Menikahimu adalah menikahi kebencian, ibarat diri dikuntit matahari. Tergepar-gepar, kepanasan. Ada bara luka dalam hatimu, menganga, semakin menganga tersapu angin, merintih lalu terkapar, kelelahan. Dan sampai kapan kita mampu bertahan? Sedangkan rembulan enggan keluar, batinnya masih menyenbunyikan luka hati yang terus menjelma menjadi dendam. Andaikan aku bisa menghindar ketika kita bertemu di kota kesedihan. Namun kau menamparku dengan hatimu yang kelu. Keras sampai pilu. Dan sejak malam dikota kesedihan itu mulutmu yang lebih pantas disebut serigala selalu membual. Kau terus menyumpahi waktu. Kenapa peluang waktu bisa mempertemukan kita dikota kesedihan yang masih menyimpan dendam?
“Hahaha…waktu itu seperti dadu.” Mulutmu menyeringai dengan kaki-kaki kurusmu berdiri mengangkangiku. Sombong bagai Firaun. Menantangku.
“Maksudmu?”
“Bertemu kau hanya kebencian tak tertahankan. Kau membawa sial dengan segudang dan seisinya. Terkadang berada dilevel-level angka satu dan setersunya.” Telunjukmu yang bagai duri tanjang mengancamku. Matamu bagai elang siap menerkamku. Begitu kecewanya kau denganku, menabur genderang perang dikota kesedihan. Bibirmu yang kemarin terlihat ranum, basah, berubah menjadi buah pare yang bergelantungan, pahit seperti kalimat-kalimat yang kau ucapkan.
“Sial tak selamanya sial, dan benci belum tentu benci. Terkadang dibalik kebencian ada sampah cinta yang bisa didaur ulang.”
“Cieh…” kau meludah dengan riak-riakmu yang kental serta melecehkan.
“Tuhan menciptakan benci adalah untuk kebencian bukan untuk cinta.” Katamu perlahan dengan bibir yang kau encepkan, sewot. Meski kalimatmu ada kesalahan namun juga bisa dibenarkan. Manusia dengan kebencian adalah berbanding lurus dengan cinta.
“Bisakah kebencian itu kau redam? Kita ini sudah bertemu dalam kota kesedihan kenapa masih kau tambahi dengan kebencian. Tenagamu akan bercerai berai lalu kau akan terkulai lemas oleh kekecewaan.”
“Tahu apa kau tentang benci?”
“Tentu saja, tahu lebih dalam dari hatimu yang hanya bisa membenciku.”
“Aneh.”
“Oh iya, sudah sejak dalam pikiran jika aku aneh.”

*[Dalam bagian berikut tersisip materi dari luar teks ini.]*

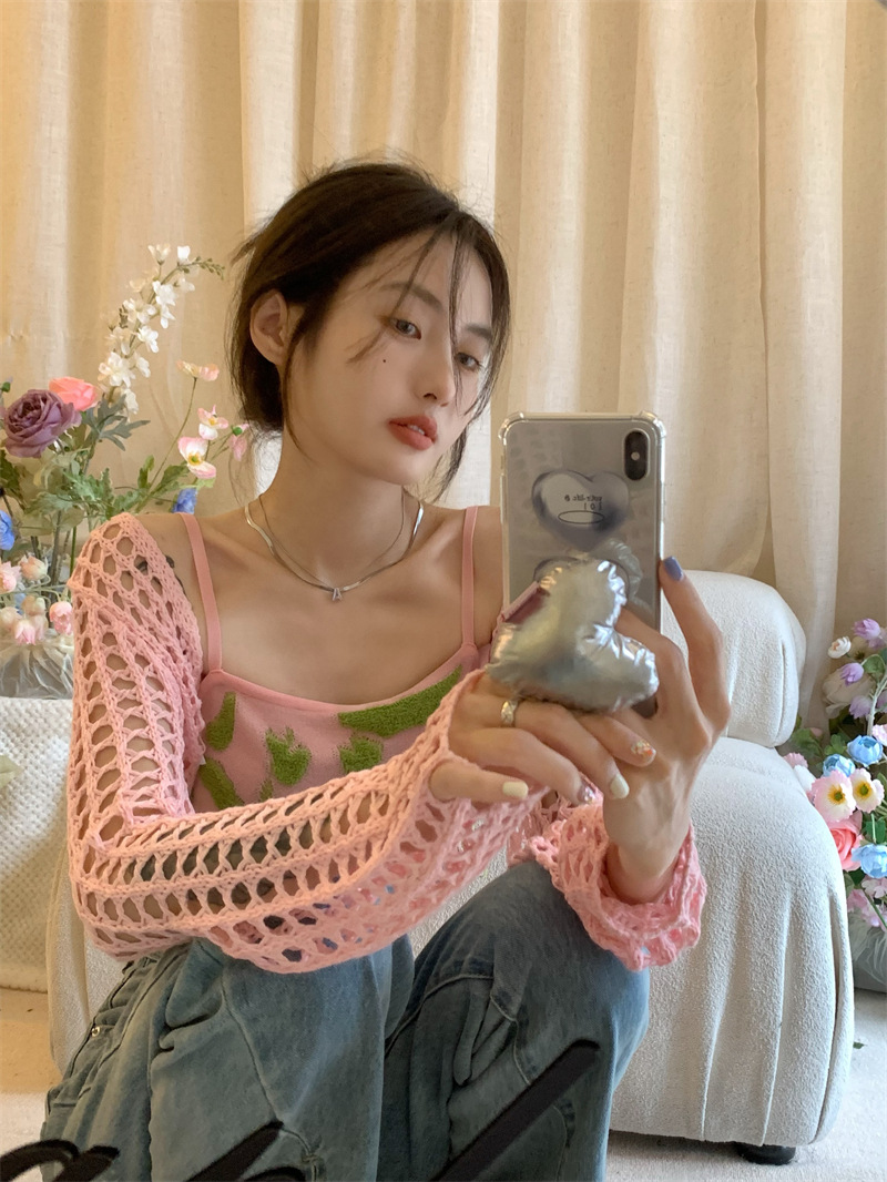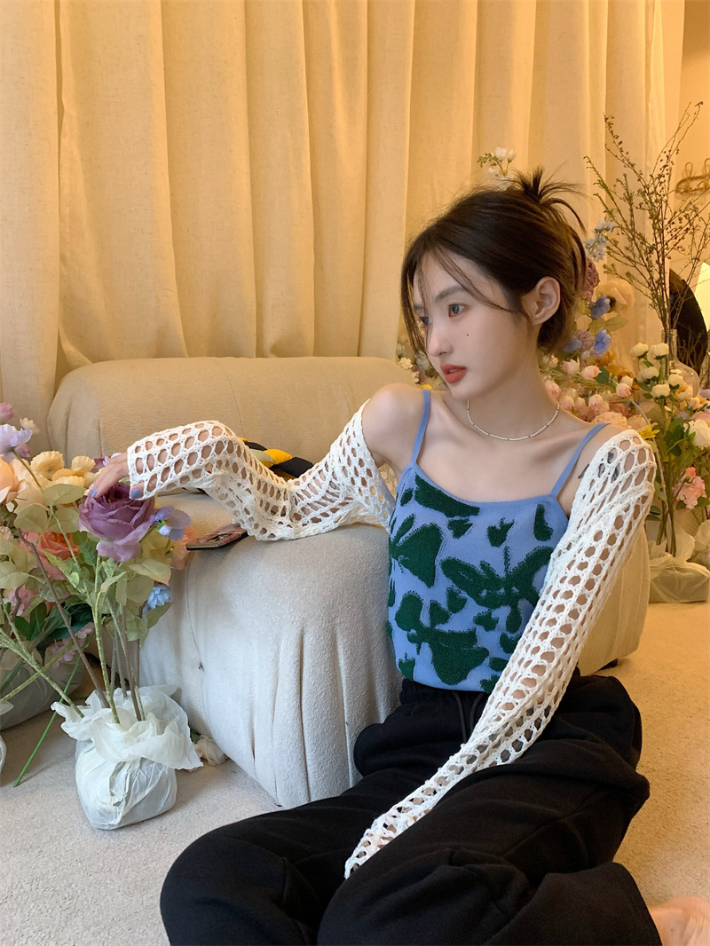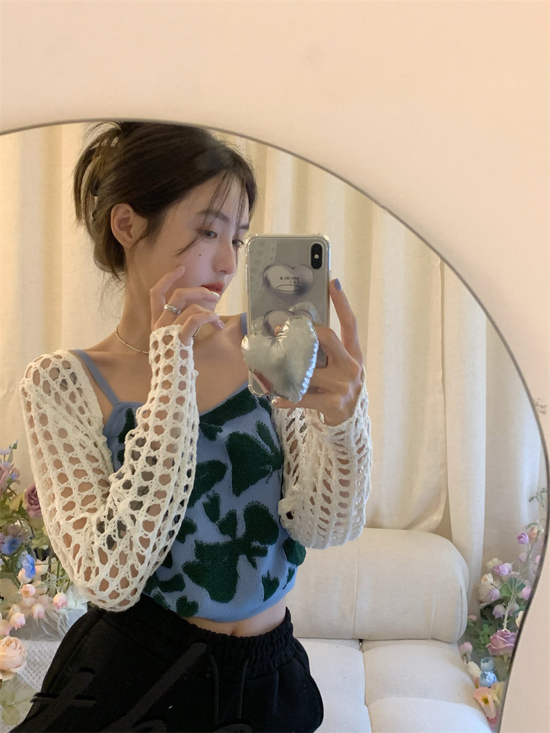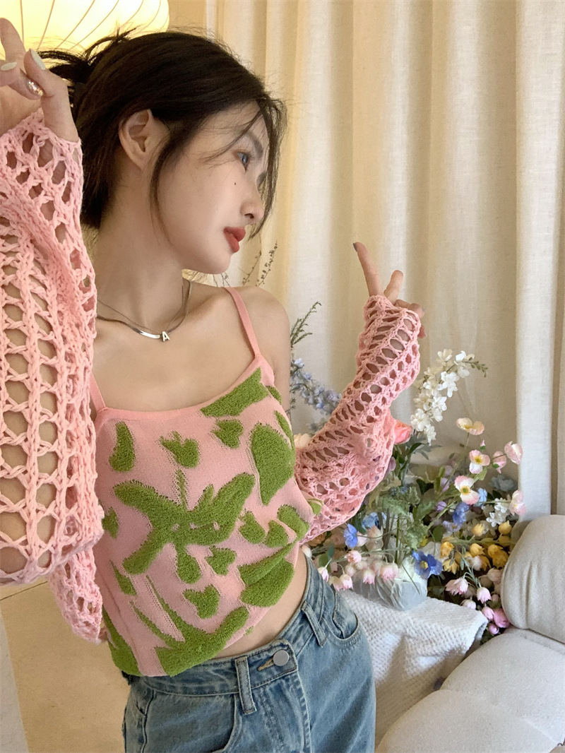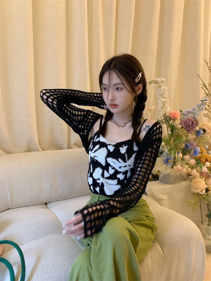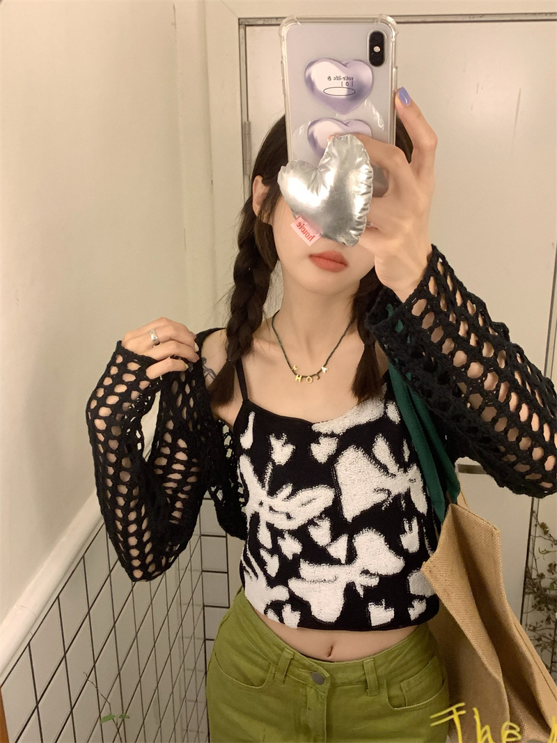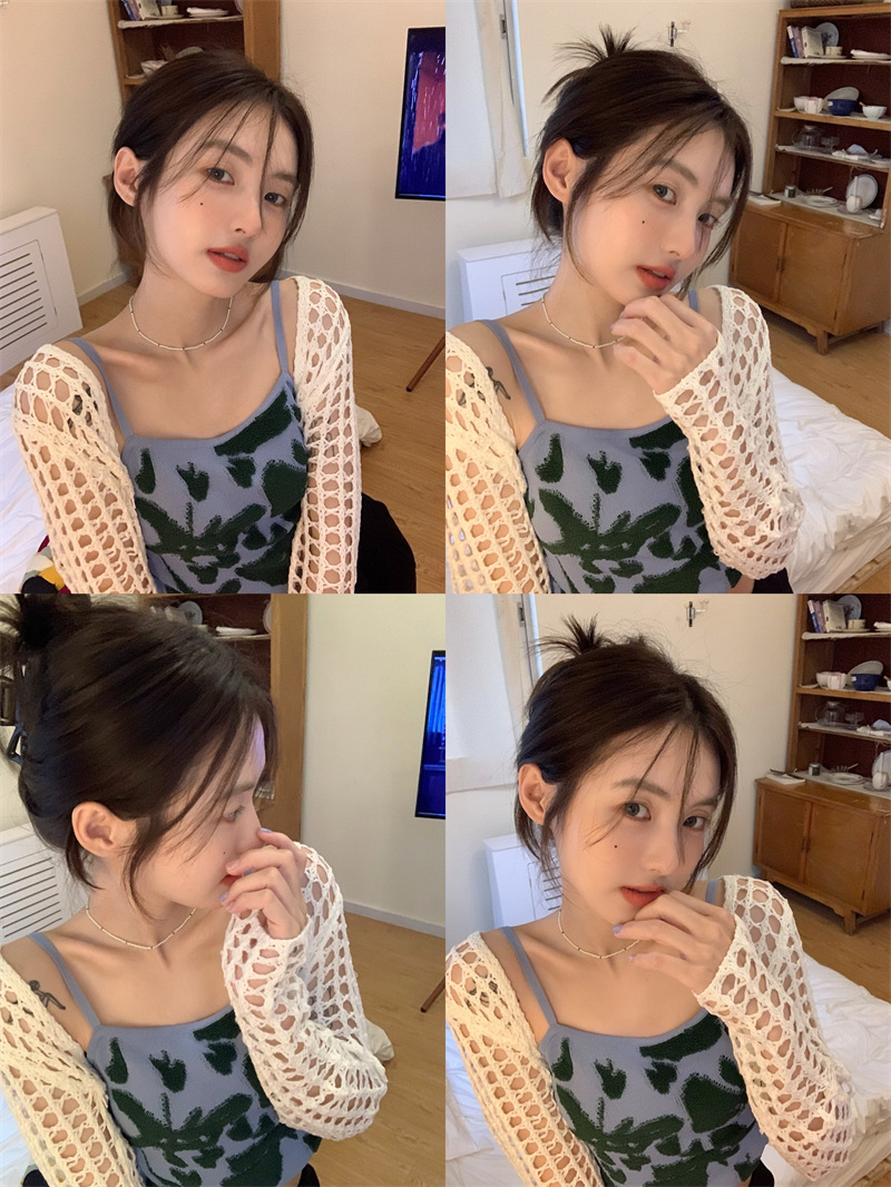 JMA-059 实拍 夏季新款韩版百搭设计感镂空针织防晒开衫+撞色提花吊带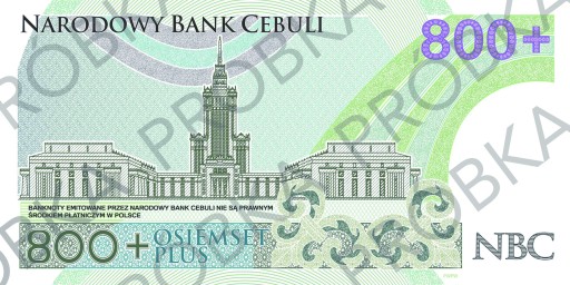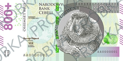 Ręcznik 800 plus został zaprojekotwany z naciskiem na detale, dlatego też każda osoba która zobaczy ten recznik z pewnością będzie zaskoczona. Ręcznik posiada dwie strony, na awersie została przedstawiona małpa nosacz, a na drugiej stronie znajduje się Pałac Kultury.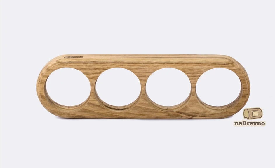 Четверная накладка на бревно 180мм из натурального дуба S4-180-D ТМ naBrevno представляет важное дополнение для декоративных розеток и ретро выключателей в современном деревянном строительстве. Данная модель накладки используется для монтажа ретро розеток и выключателей бренда Salvador на поверхность бревна или блок-хауса.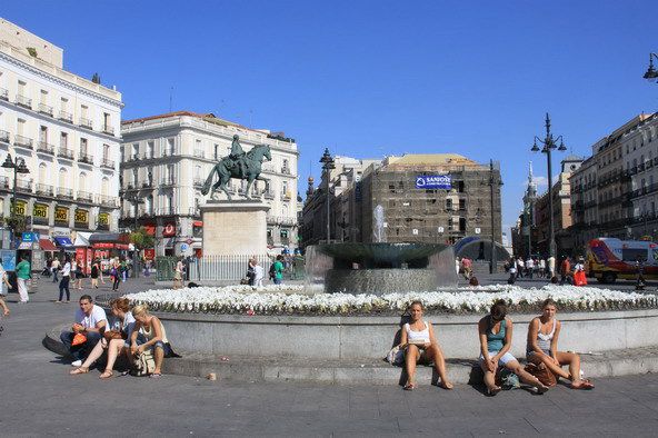 太阳门广场是马德里市民政治活动中心和商业中心,马德里人爱喝咖啡,光咖啡馆就有7000 多家,朋友或者熟人遇到一起,以在咖啡馆聊天为乐事。太阳门广场还是孩子们游玩的场所,所以永远人声鼎沸。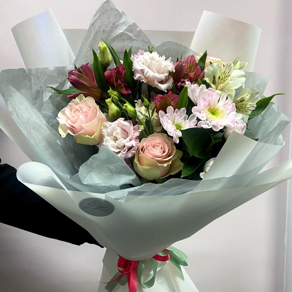 Альстромерия – 2 шт. Хризантема кустовая – 1 шт. Эустома – 2 шт. Роза Голландская – 3 шт. Упаковка дизайнерская – 1 шт.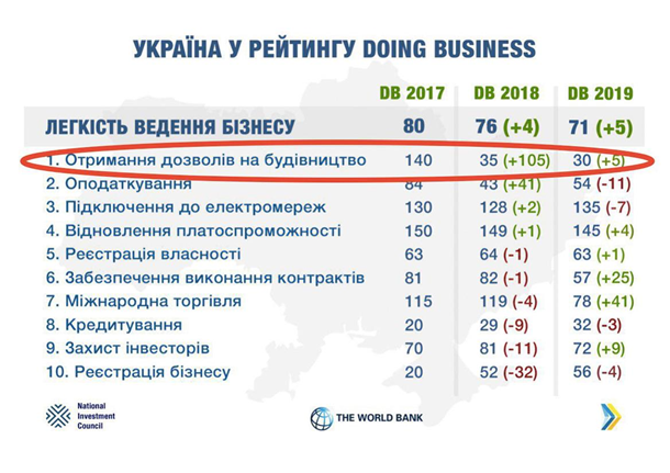 Еще 2 года назад по показателю «Получение разрешений на строительство» в рейтинге Всемирного банка Doing Business Украина была на 140 месте, а сейчас мы на 30 месте, то есть, поднялись на 110 пунктов. В большей степени благодаря этому росту Украине удалось за 2 года подняться в общем рейтинге с 80 места на 71.

“Kenapa kau masih mendekatiku?”
“Karena nenek sihir pernah mengutuk ketika sepasang kekasih yang baru saja berikrar untuk membangun bahtera hidup bersama dengan orang paling dicintainya, tiba-tiba cinta yang bersemayam dalam hati sang perempuan dicuri dan dibawa lari oleh Gendruwo, dan pada kota kesedihanlah cinta bisa diketemukan.”
“Bukankah itu hanya Gerduwonen….”
“Itulah jika Gerduwonen dilawan dengan emosi dan kebencian, ia akan semakin edan, memaki-maki bahkan akan berlari pergi.”
“Kau dibohongi oleh nenek sihir.”
“Bisa juga. Tapi bagaimana jika nenek sihir itu benar.”
“Ugh…kau semakin edan…”
“Biarlah asal aku tidak memelihara kebencian yang bisa meluluhlantahkan energimu yang besar itu. Kau akan lumpuh dengan kebencian dalam hatimu.”
“Siapa bilang?”
“Aku.”
“Cukup.”
“Kau hanya memperkeruh masalah saja. Semua apapun tentang kau tetap menjadi kebencianku.”
“Dan semua tentang mu karena kau dihantui perasaan yang masih nakal termainkan oleh masa lalumu yang tak kesampaian hingga menjelma menjadi dendam. Karena orang-orang yang kau anggap baik tak juga berani mengajakmu mengarungi hidup bersama.”
“Dari siapa cerita itu?, kau mengarangnya?”
“Tidak, kau sendiri yang cerita sebelum kau bertemu aku di kota kesedihan ini. dan sebelum kau terganggu dengan penyakit kebingunganmu atau orang-orang disini menyebutmu kau diserang Gendruwonen[1], kau mudah lupa sekarang.”
“Kau memang seperti Gendruwo.”
“Aku?”
“Iya, siapa lagi?”
“Kau juga.”
“Kita sama-sama Gendruwo?”
“Tidak. Hanya kau.”
“Bukan, kau yang seperti….”
Sebelum dia melanjutkan bualannya. Ada rasa emosi yang telah mendesir kuat menyergap ubun-ubunku yang telah memanas sejak beberapa jam tadi. Emosi anak manusia yang telah diciptakan oleh Tuhan dalam bentuk nafsu. Nafsu itu telah menguasai diriku hingga aku harus menyergapmu kuat-kuat. Tiba-tiba diriku telah berubah menjadi serigala jantan yang buas, lapar dan ganas. Kau merintih melawan namun apalah daya hatimu hanya bisa menyimpan dendam tak kan kuat melawan hasratku yang telah kuat menancap sejam tadi.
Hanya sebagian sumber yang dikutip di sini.